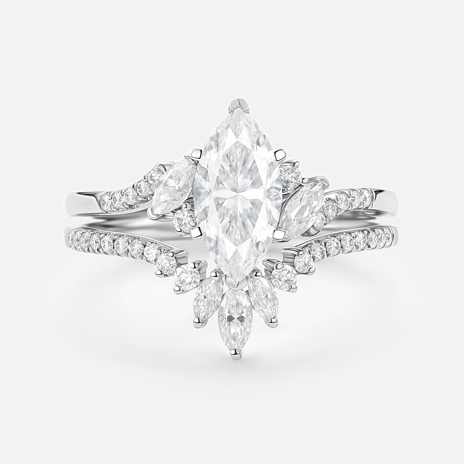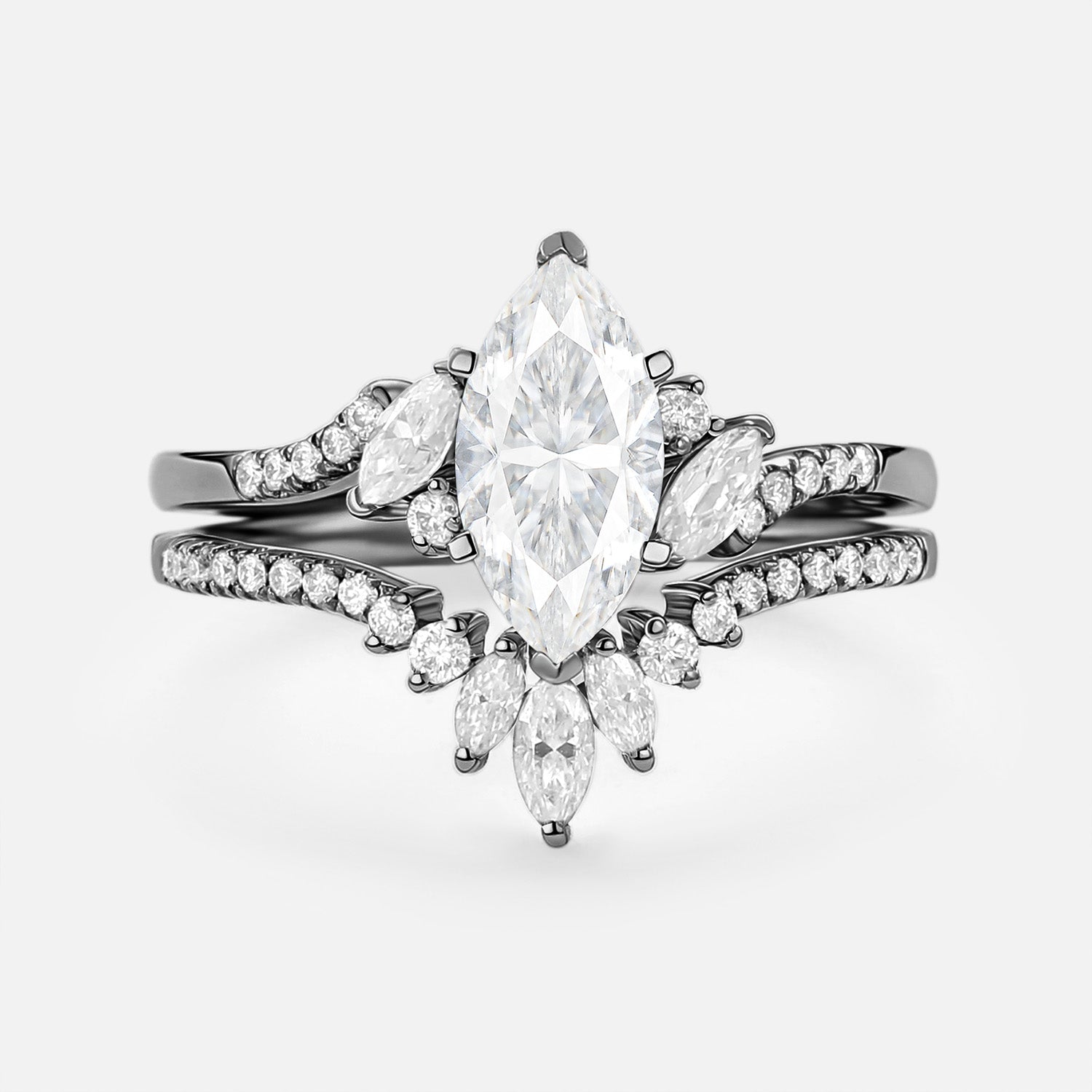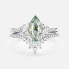 Marquise Cut Moss Agate Cluster Engagement Ring Set 2pcs - Sloane
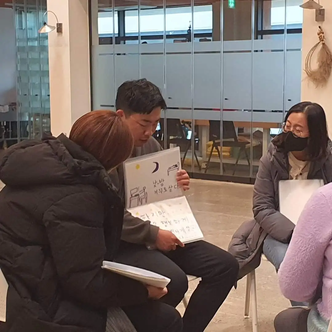 즉흥연극 워크숍 중 규상님, 활동에 자원해주신 혜진님, 혜인님
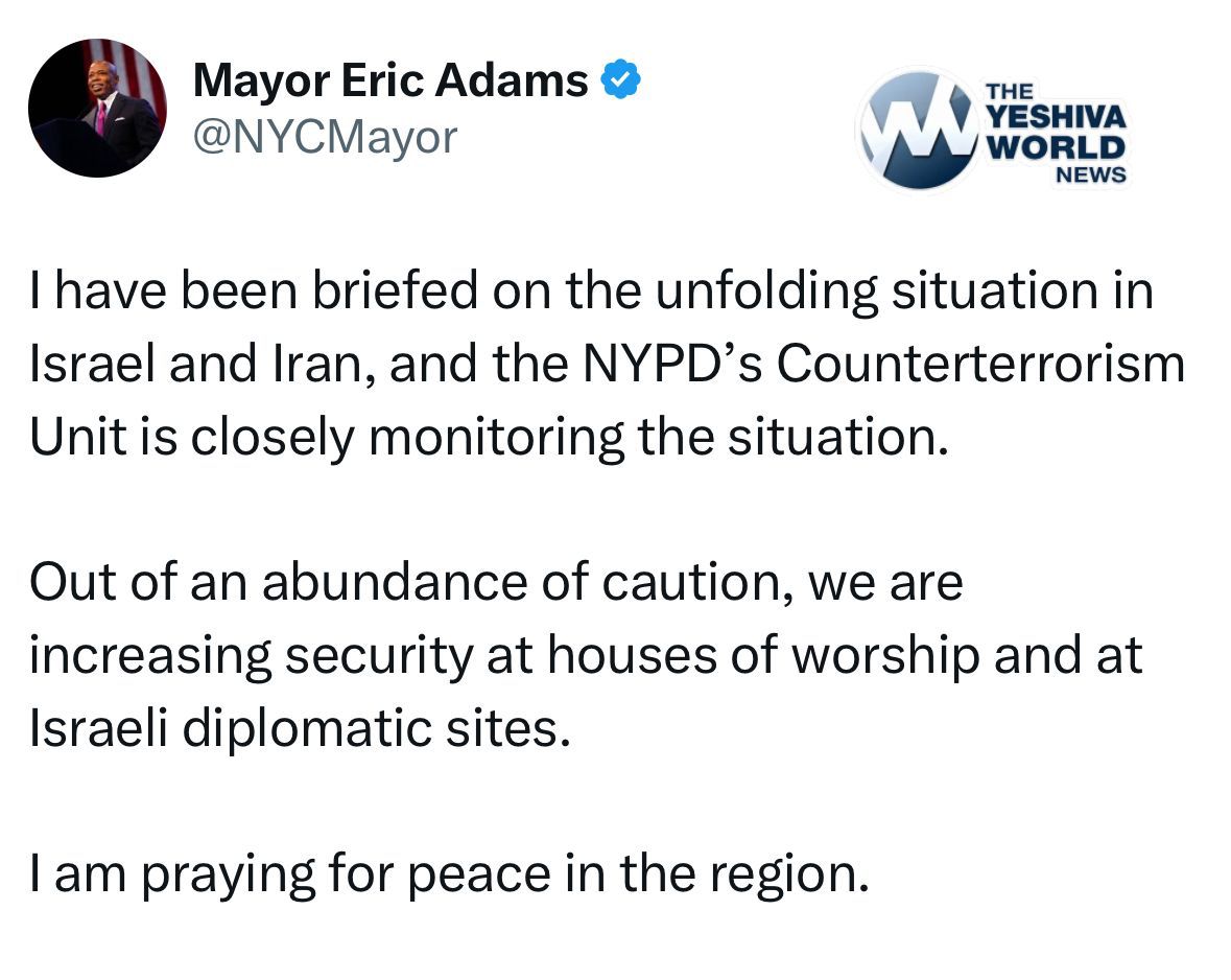 New York Mayor Eric Adams confirms that he is being briefed on the unfolding Israel vs. Iran situation, and is deploying resources to protect Jewish and Israeli sites
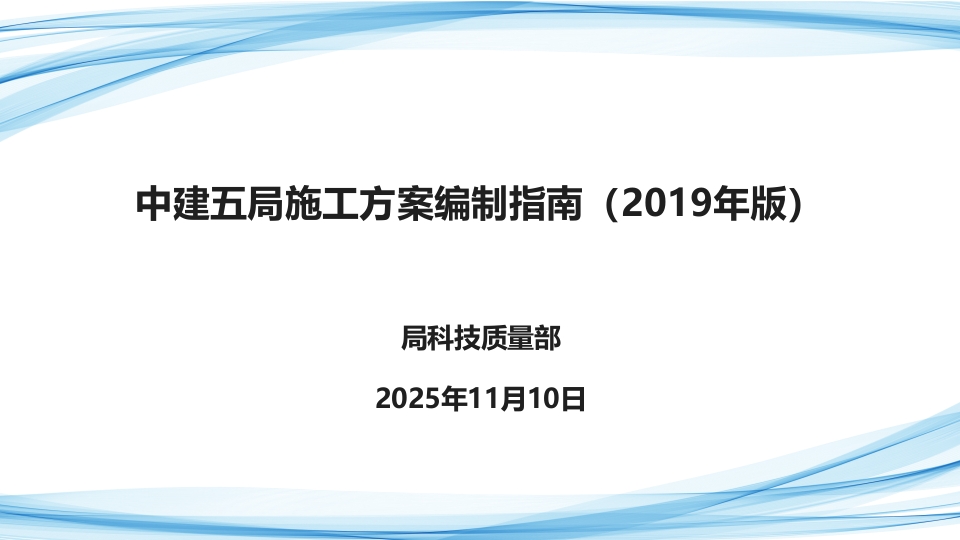 中建五局施工方案编制指南(2019年版)局科技质量部2025年11月10日课程大纲1指南编制说明模板方案解读专项方案管理工程概况◆危大工程规定住建部规定◆节点构造◆方案提纲◆集团规定◆安全验算◆内容编写◆局规定◆施工图
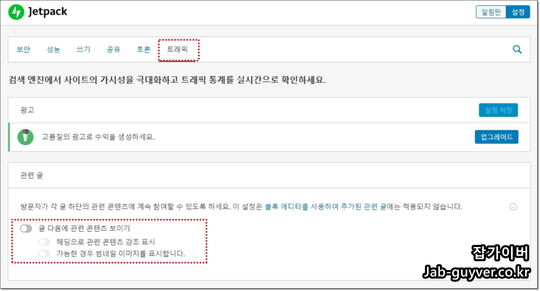 다음은 국민 플러그인인 제트팩(jetPack)의 트래픽 향상을 시켜주는 부분에서 관련된 콘텐츠를 설정할 수 있습니다.
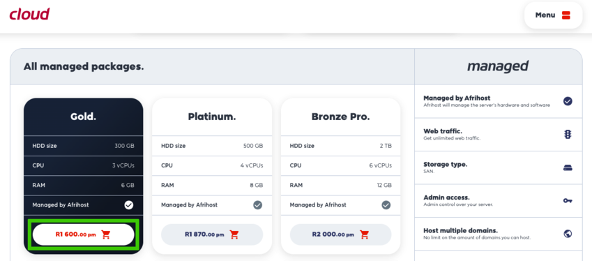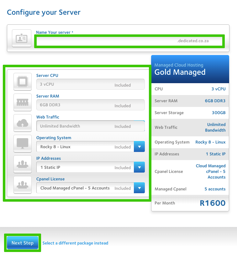 - Select a server package that suits your requirements under ‘All managed/self managed packages’ and click on the price.
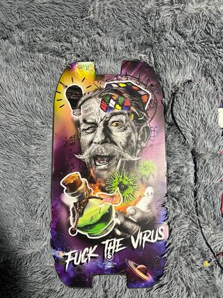 Tabla de skate con un diseño artístico y llamativo. - Ilustración Fuck The Virus con elementos de ciencia y espacio. - Imagen central de un científico con un cubo de Rubik. - Detalle de un matraz con líquido verde y virus. - Motivos cósmicos y fórmulas matemáticas.
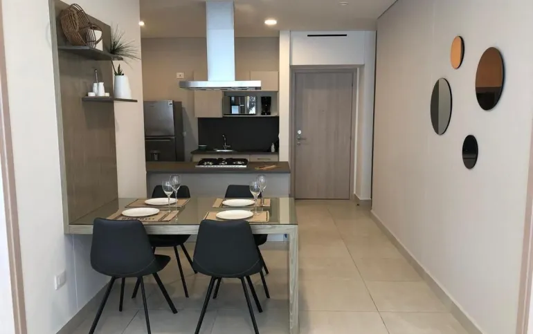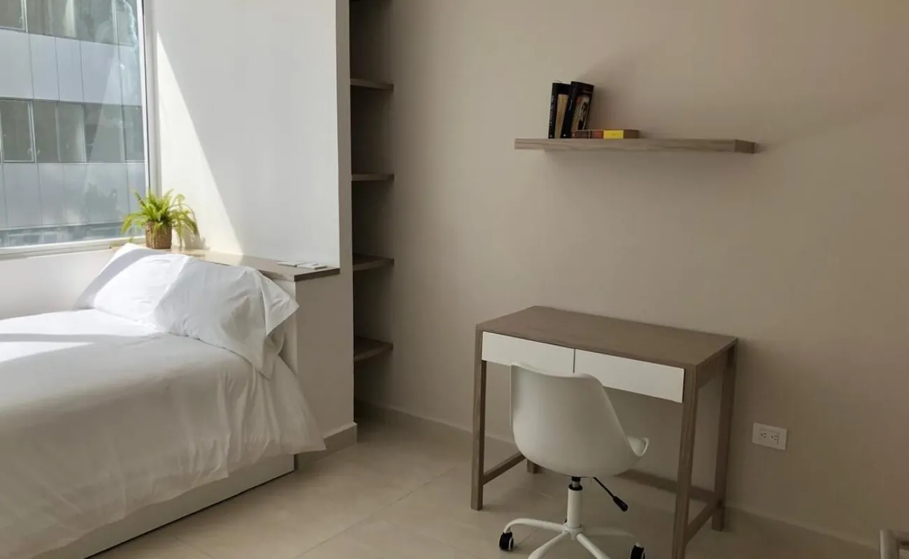 Se renta departamento muy iluminado, amueblado y equipado de 83 mts cuenta con 2 recamaras, la principal con vestidor y baño completo, la secundaria con closet y baño completo, baño de visitas, estancia, cocina abierta, cuarto lavado y 2 cajones de estacionamiento.
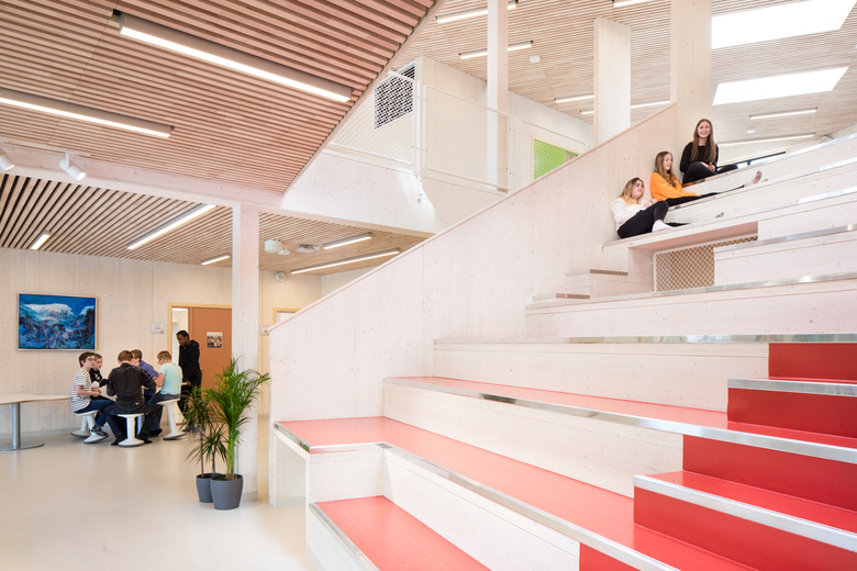 Ein Bewerbungsverfahren brachte ein Siegerprojekt hervor, das in Kooperation mit den norwegischen Architekten Helen & Hard entstand. Österreichisch-internationale Schulbau-Expertise und skandinavische Holzbau-Expertise gingen hier eine erfolgreiche Fusion ein. Dabei wurde keineswegs ein Standardentwurf einfach kopiert, sondern eine von uns über Jahre entwickelte Raumstruktur mit dem Cluster-System kombiniert: Ein polygonaler zentraler Raum, um den kleinere Räume quasi rotieren - eine geometrische, räumliche, soziokulturelle und ökonomische Antwort für die Clusterschule.

━━━━━━━━━━━━━━━━

*What you will do:*
Write out the data precisely as given, excluding the pictures.

*Response box:*
 Marquise Cut Moss Agate Cluster Engagement Ring Set 2pcs - Sloane
 즉흥연극 워크숍 중 규상님, 활동에 자원해주신 혜진님, 혜인님
 New York Mayor Eric Adams confirms that he is being briefed on the unfolding Israel vs. Iran situation, and is deploying resources to protect Jewish and Israeli sites
 中建五局施工方案编制指南(2019年版)局科技质量部2025年11月10日课程大纲1指南编制说明模板方案解读专项方案管理工程概况◆危大工程规定住建部规定◆节点构造◆方案提纲◆集团规定◆安全验算◆内容编写◆局规定◆施工图
 다음은 국민 플러그인인 제트팩(jetPack)의 트래픽 향상을 시켜주는 부분에서 관련된 콘텐츠를 설정할 수 있습니다.
 - Select a server package that suits your requirements under ‘All managed/self managed packages’ and click on the price.
 Tabla de skate con un diseño artístico y llamativo. - Ilustración Fuck The Virus con elementos de ciencia y espacio. - Imagen central de un científico con un cubo de Rubik. - Detalle de un matraz con líquido verde y virus. - Motivos cósmicos y fórmulas matemáticas.
 Se renta departamento muy iluminado, amueblado y equipado de 83 mts cuenta con 2 recamaras, la principal con vestidor y baño completo, la secundaria con closet y baño completo, baño de visitas, estancia, cocina abierta, cuarto lavado y 2 cajones de estacionamiento.
 Ein Bewerbungsverfahren brachte ein Siegerprojekt hervor, das in Kooperation mit den norwegischen Architekten Helen & Hard entstand. Österreichisch-internationale Schulbau-Expertise und skandinavische Holzbau-Expertise gingen hier eine erfolgreiche Fusion ein. Dabei wurde keineswegs ein Standardentwurf einfach kopiert, sondern eine von uns über Jahre entwickelte Raumstruktur mit dem Cluster-System kombiniert: Ein polygonaler zentraler Raum, um den kleinere Räume quasi rotieren - eine geometrische, räumliche, soziokulturelle und ökonomische Antwort für die Clusterschule.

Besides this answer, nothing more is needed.